Prompt: Reproduce, exactly and in full, the lines from the one with "iPhone6s Plus空" through the one with "URMYLADY Prata Esterlina" in the data below; drop pictures.

Recorded data:
•••••
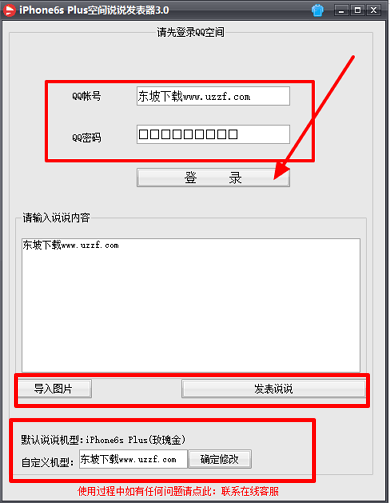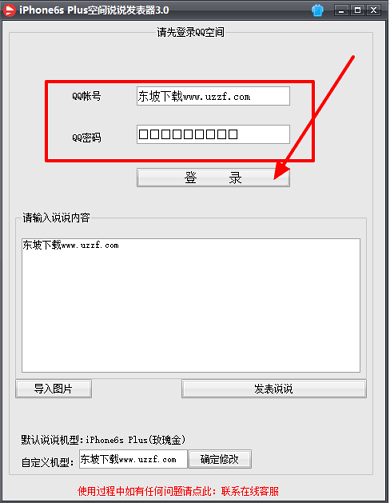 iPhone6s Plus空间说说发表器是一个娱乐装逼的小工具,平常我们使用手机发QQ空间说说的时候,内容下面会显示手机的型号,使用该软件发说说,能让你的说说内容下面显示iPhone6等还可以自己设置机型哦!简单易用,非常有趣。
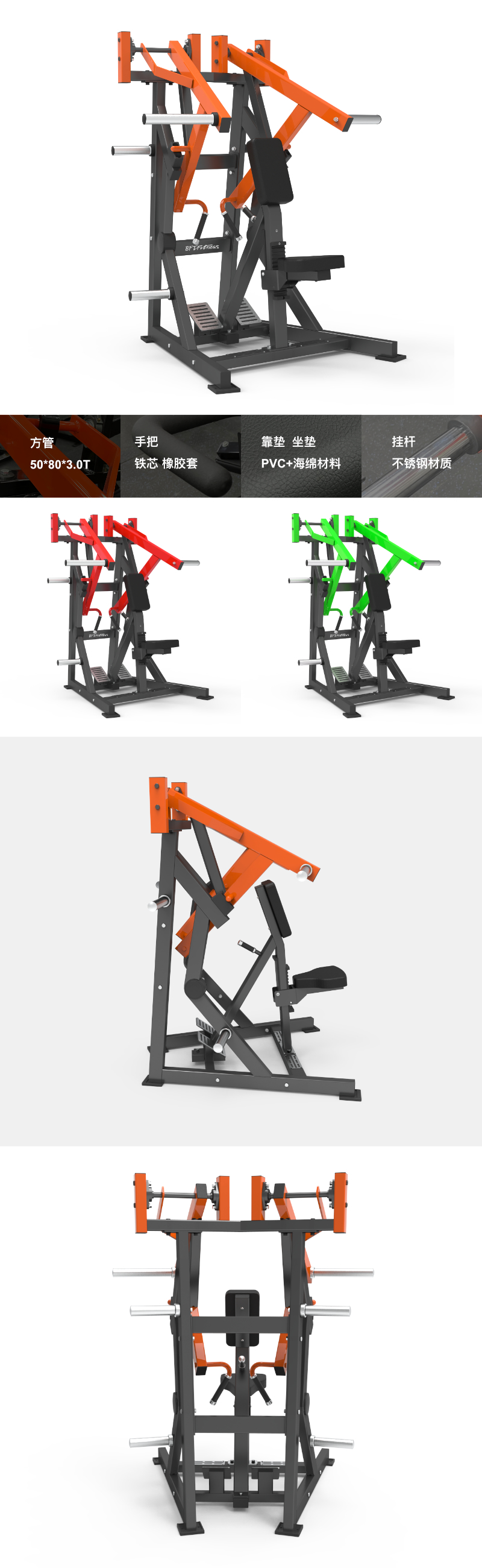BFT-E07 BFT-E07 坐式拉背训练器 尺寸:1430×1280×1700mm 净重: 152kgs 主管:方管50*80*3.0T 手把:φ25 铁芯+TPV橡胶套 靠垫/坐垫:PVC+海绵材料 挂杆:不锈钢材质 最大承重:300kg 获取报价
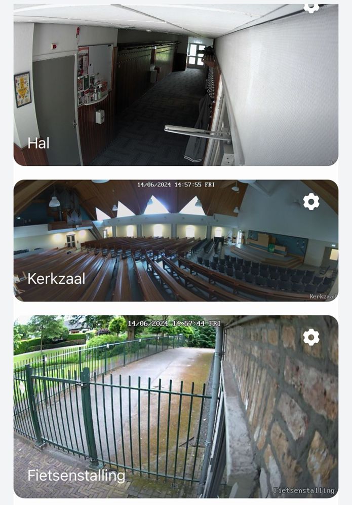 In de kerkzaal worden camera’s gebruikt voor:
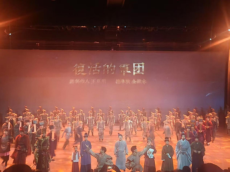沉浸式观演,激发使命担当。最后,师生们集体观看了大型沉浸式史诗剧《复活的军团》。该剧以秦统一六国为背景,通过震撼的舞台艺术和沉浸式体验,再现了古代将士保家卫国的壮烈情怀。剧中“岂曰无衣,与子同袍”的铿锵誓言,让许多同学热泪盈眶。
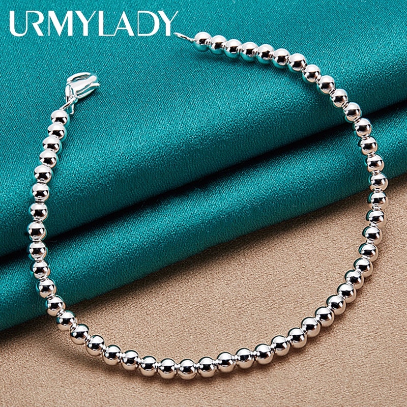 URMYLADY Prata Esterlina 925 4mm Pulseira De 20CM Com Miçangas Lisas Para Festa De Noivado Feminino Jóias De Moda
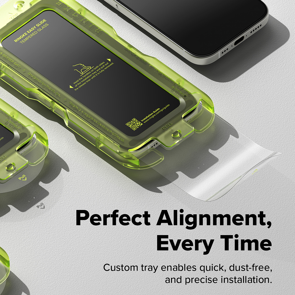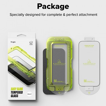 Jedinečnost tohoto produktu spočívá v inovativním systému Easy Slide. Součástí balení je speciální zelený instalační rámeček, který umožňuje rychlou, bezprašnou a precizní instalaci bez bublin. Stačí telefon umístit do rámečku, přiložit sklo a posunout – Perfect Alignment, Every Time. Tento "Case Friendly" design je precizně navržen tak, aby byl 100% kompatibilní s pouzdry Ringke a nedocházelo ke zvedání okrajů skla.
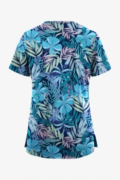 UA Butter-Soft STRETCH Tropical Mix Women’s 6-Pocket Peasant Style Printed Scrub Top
•••••
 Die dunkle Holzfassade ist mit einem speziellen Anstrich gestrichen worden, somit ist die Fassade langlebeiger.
•••••
Output of the exercise:
 iPhone6s Plus空间说说发表器是一个娱乐装逼的小工具,平常我们使用手机发QQ空间说说的时候,内容下面会显示手机的型号,使用该软件发说说,能让你的说说内容下面显示iPhone6等还可以自己设置机型哦!简单易用,非常有趣。
BFT-E07 BFT-E07 坐式拉背训练器 尺寸:1430×1280×1700mm 净重: 152kgs 主管:方管50*80*3.0T 手把:φ25 铁芯+TPV橡胶套 靠垫/坐垫:PVC+海绵材料 挂杆:不锈钢材质 最大承重:300kg 获取报价
 In de kerkzaal worden camera’s gebruikt voor:
沉浸式观演,激发使命担当。最后,师生们集体观看了大型沉浸式史诗剧《复活的军团》。该剧以秦统一六国为背景,通过震撼的舞台艺术和沉浸式体验,再现了古代将士保家卫国的壮烈情怀。剧中“岂曰无衣,与子同袍”的铿锵誓言,让许多同学热泪盈眶。
 URMYLADY Prata Esterlina 925 4mm Pulseira De 20CM Com Miçangas Lisas Para Festa De Noivado Feminino Jóias De Moda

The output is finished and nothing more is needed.